*Problem to work on*
Output exactly the lines below, starting with the line that has "(2) Connect the" and going on through the line that has "5 Gram Silver Coin Set - Lakshmi Ganesh Ji", both included, and no other lines.

(Records provided begins)

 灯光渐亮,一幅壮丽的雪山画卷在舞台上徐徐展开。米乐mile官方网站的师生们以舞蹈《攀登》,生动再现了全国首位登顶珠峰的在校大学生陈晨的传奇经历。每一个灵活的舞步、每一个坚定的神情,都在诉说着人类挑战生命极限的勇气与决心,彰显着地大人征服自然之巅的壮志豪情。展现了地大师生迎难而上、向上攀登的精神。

(Records provided ends)
(Records provided begins)

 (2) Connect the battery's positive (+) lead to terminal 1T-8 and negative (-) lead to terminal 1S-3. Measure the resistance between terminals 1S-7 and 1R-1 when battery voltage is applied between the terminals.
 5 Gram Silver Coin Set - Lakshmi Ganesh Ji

(Records provided ends)

*Answer below*
 (2) Connect the battery's positive (+) lead to terminal 1T-8 and negative (-) lead to terminal 1S-3. Measure the resistance between terminals 1S-7 and 1R-1 when battery voltage is applied between the terminals.
 5 Gram Silver Coin Set - Lakshmi Ganesh Ji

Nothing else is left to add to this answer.